== Input data ==

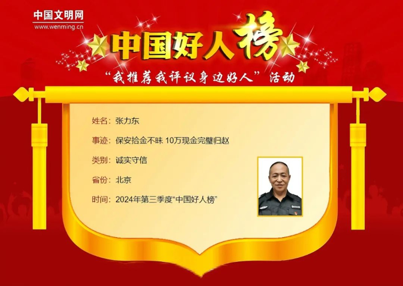 张力东,男,1970年7月生,中共党员,北京安铁保安公司三里屯工体南路东段排水大院保安班班长。1990至1994年,张力东在沈阳军区某支队服役,曾获个人三等功一次,集体三等功两次。因拾金不昧的感人事迹,曾荣登2024年第三季度“中国好人榜”。
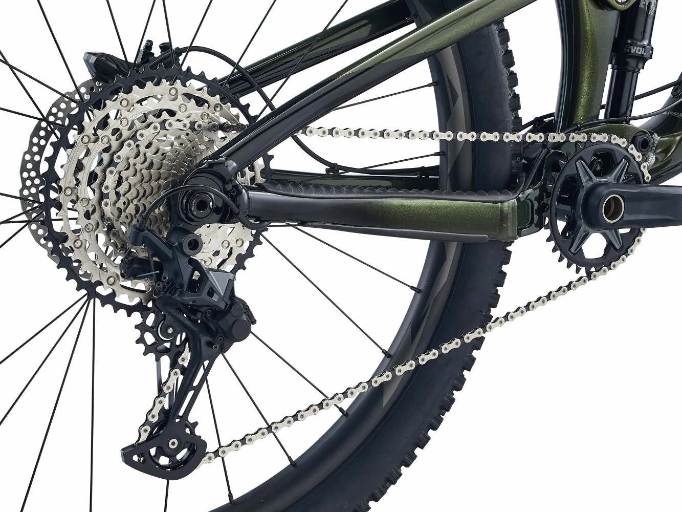 Le cadre en aluminium léger ALUXX SL dispose d’un reach rallongé pour plus de stabilité en terrain technique, et un tube de selle redressé pour renforcer l’efficacité au pédalage. La suspension arrière Maestro mise à jour offre un débattement des roues arrière de 120mm associé à une fourche de 130mm à l’avant.
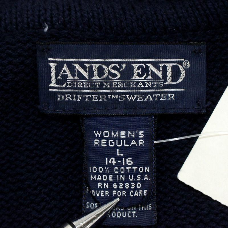DEADSTOCK 90s USA製 vintage LANDS' END 無地 コットン ニットセーター レディース 表記Lサイズ
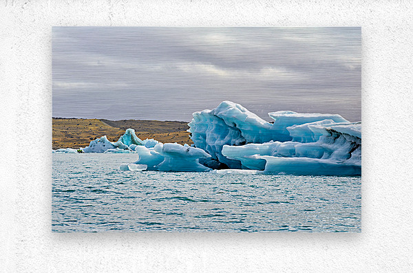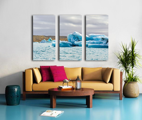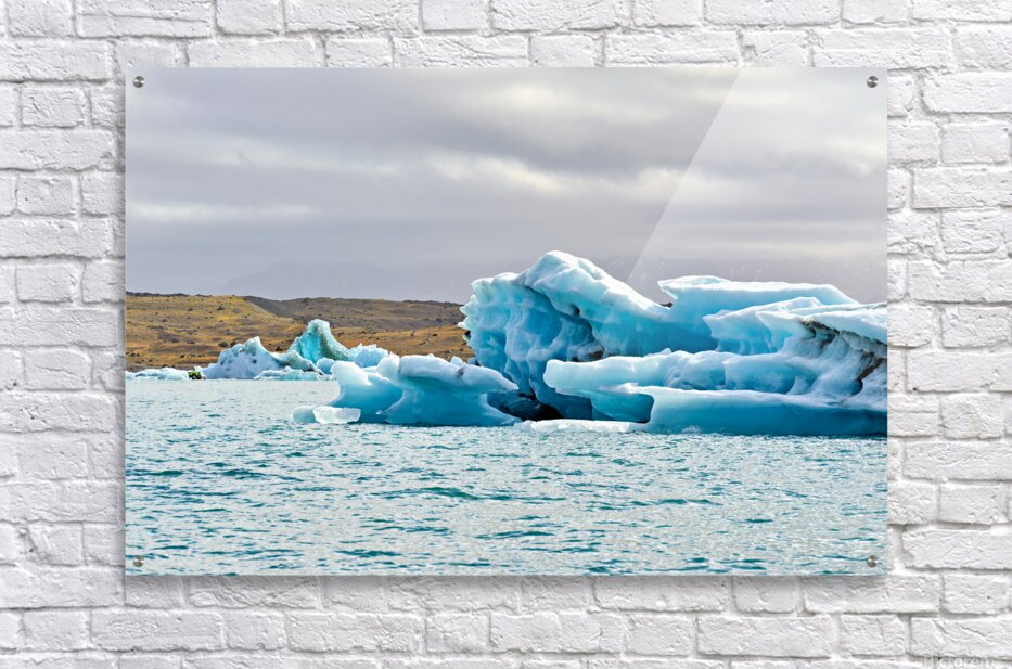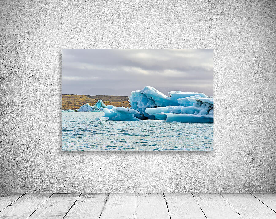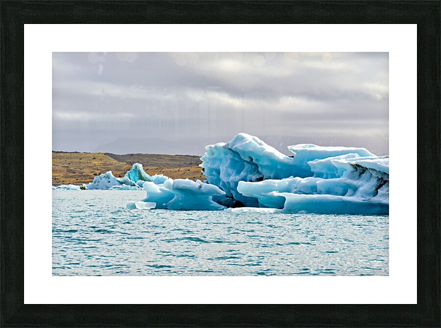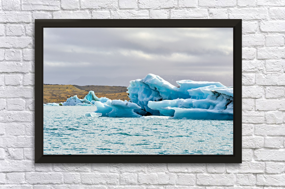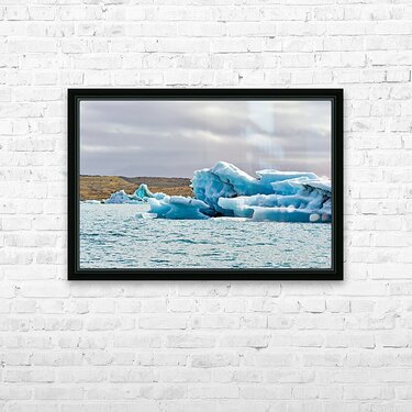 "Glacier ice formations at Jokulsarlon Lagoon in Iceland" in a framed print.
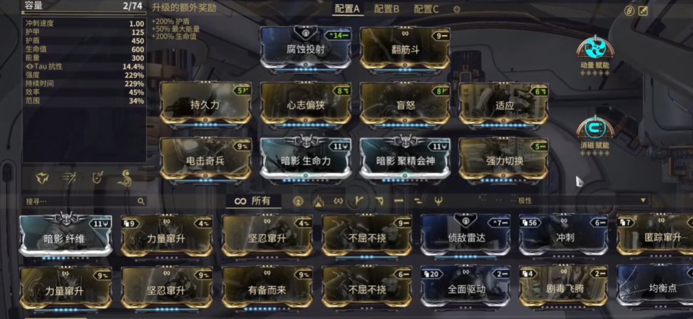 推荐使用电男(Volt)作为主力战甲,MOD主堆强度和持续,同时移植丑四开技能来提升伤害。大傻对辐射属性弱点明显,因此武器元素建议带电和火组合。电男自带电击奇兵配卡,可以省去武器上的电元素MOD,让输出更集中。专精选择M精,重点点出M1和M2,分别增强重击和震波效果,力量转移则根据实际情况调整。
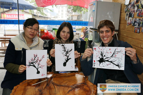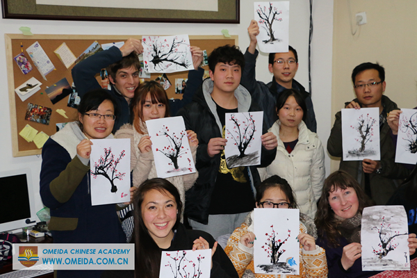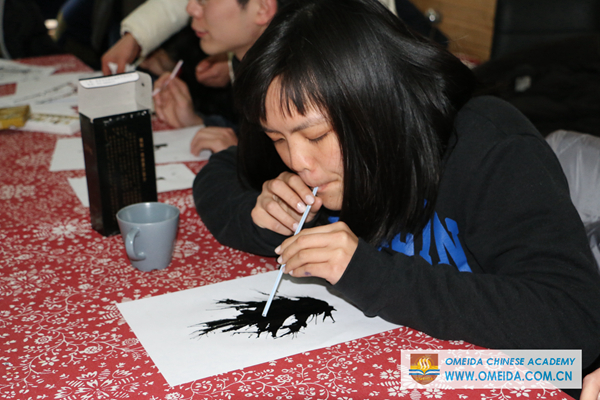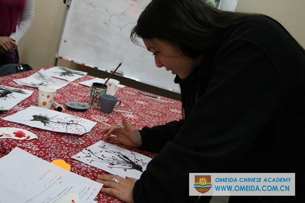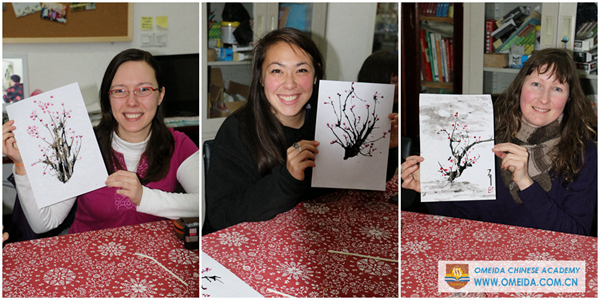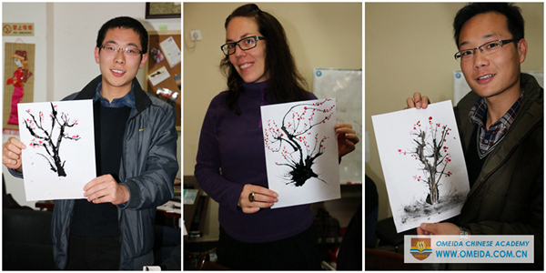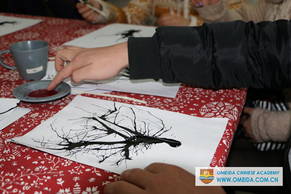 Students in Chinese Academy had art course this week with their language partners. After the brief introduction of Chinese ink blowing, we started our work on the painting only with paper, ink and straws. Blowing the ink to draw the plum tree and using fingers with red ink to draw the plum flowers are the main steps to finish an ink blowing.
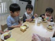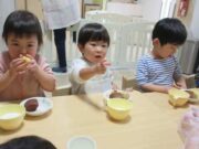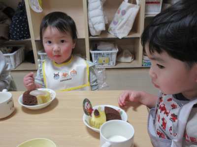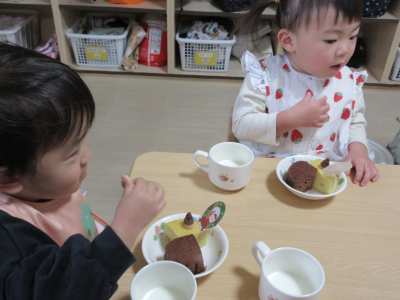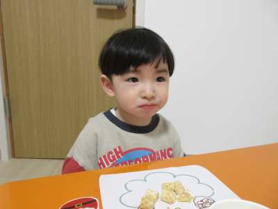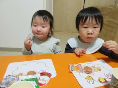 給食を食べ、午睡のあとのおやつは「クリスマス蒸しパン」!
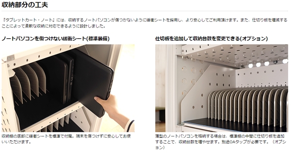 『タブレットカート・ノート』には、収納するノートパソコンが傷つかないように緩衝シートを採用しました。また、仕切り板を増減することによって柔軟な収納に対応できるように設計しています。
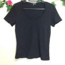 シンプルで着回し力もある無地のブラックUネックTシャツです♪
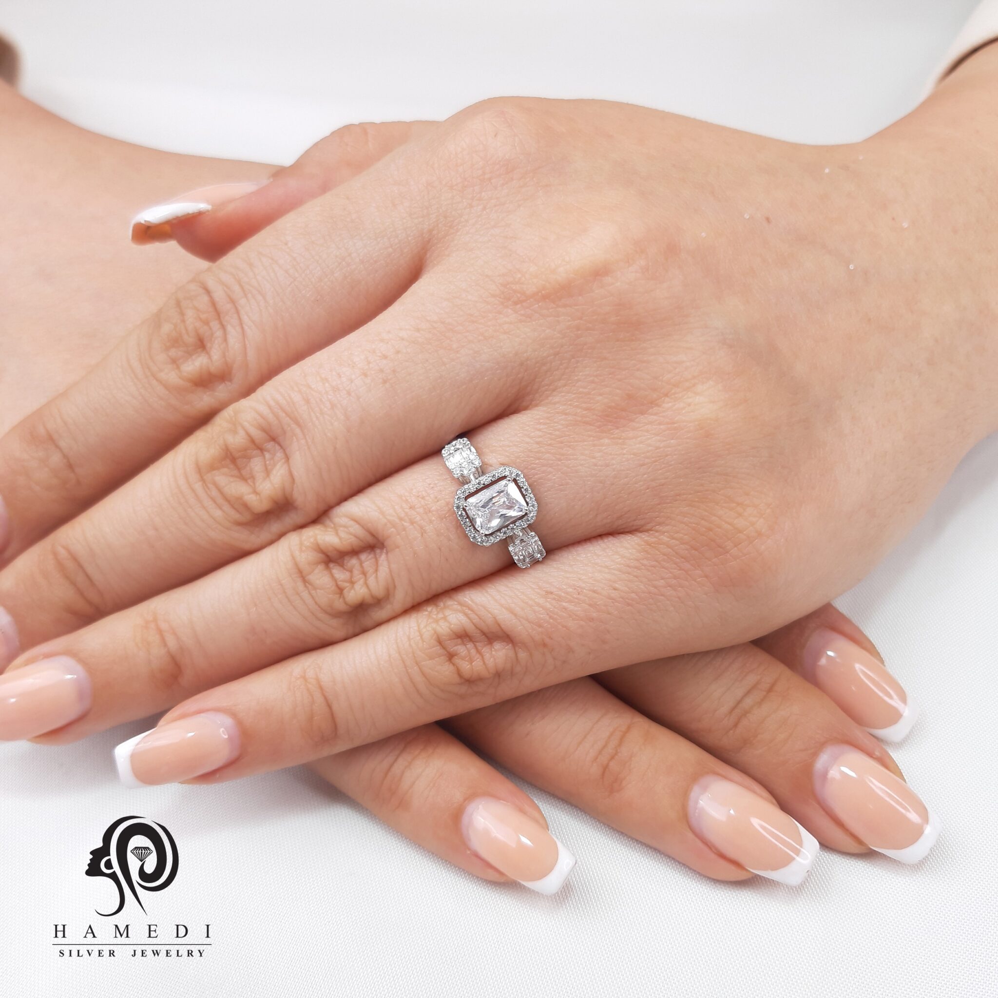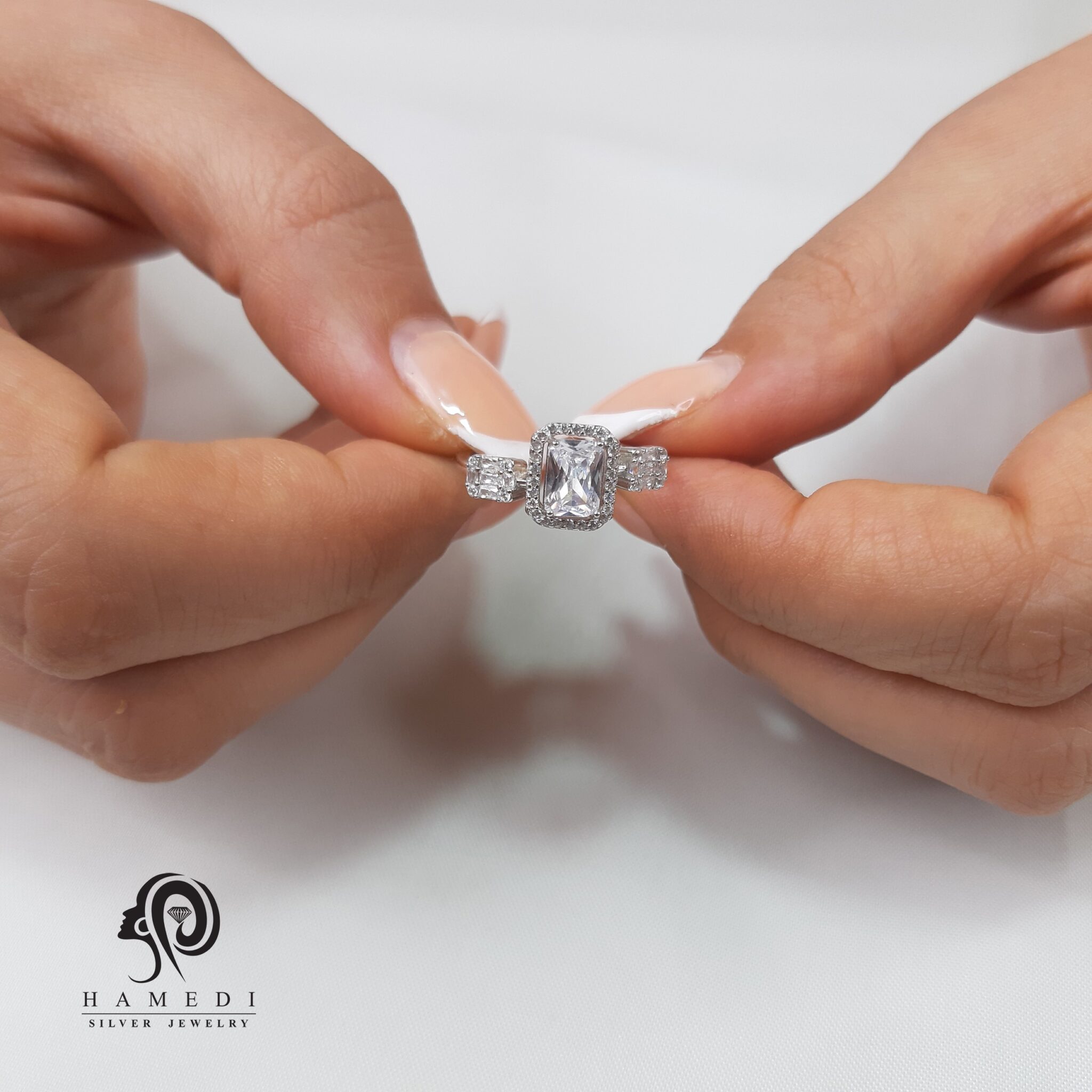 انگشتر نقره زنانه جواهری فری سایز مدل RE R24 یکی از لوکس ترین و پرطرفدار ترین انگشتر های مجلسی گالری حامدی است.
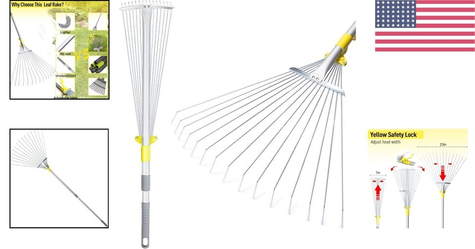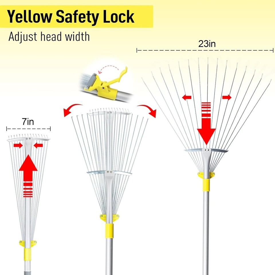 Efficient Raking: Large rake head collects more leaves with each pass, allowing for quick and effective cleanup. Adjust the width effortlessly in seconds with a simple twist of the yellow lock.
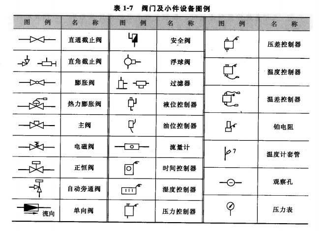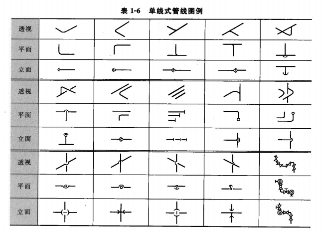 制冷管道的種類較多,如吸氣管、排氣管和液體管等,常用管線圖例見(jiàn)表1-5。管道的不同形狀在圖中的表示,見(jiàn)表1-6,表中分別用透視、平面和立面對(duì)照表示,立面是從透視圖的右下方觀測(cè)。制冷管道上帶有許多閥件,這些小件設(shè)備圖例見(jiàn)表1-7。

== What is expected ==
Please retype the lines from the one containing "給食を食べ、午睡のあとのおやつは「クリスマス蒸しパン」!" through the last line of the records above, exactly as written, and leave out any pictures.

== Solution to the problem ==
 給食を食べ、午睡のあとのおやつは「クリスマス蒸しパン」!
 『タブレットカート・ノート』には、収納するノートパソコンが傷つかないように緩衝シートを採用しました。また、仕切り板を増減することによって柔軟な収納に対応できるように設計しています。
 シンプルで着回し力もある無地のブラックUネックTシャツです♪
 انگشتر نقره زنانه جواهری فری سایز مدل RE R24 یکی از لوکس ترین و پرطرفدار ترین انگشتر های مجلسی گالری حامدی است.
 Efficient Raking: Large rake head collects more leaves with each pass, allowing for quick and effective cleanup. Adjust the width effortlessly in seconds with a simple twist of the yellow lock.
 制冷管道的種類較多,如吸氣管、排氣管和液體管等,常用管線圖例見(jiàn)表1-5。管道的不同形狀在圖中的表示,見(jiàn)表1-6,表中分別用透視、平面和立面對(duì)照表示,立面是從透視圖的右下方觀測(cè)。制冷管道上帶有許多閥件,這些小件設(shè)備圖例見(jiàn)表1-7。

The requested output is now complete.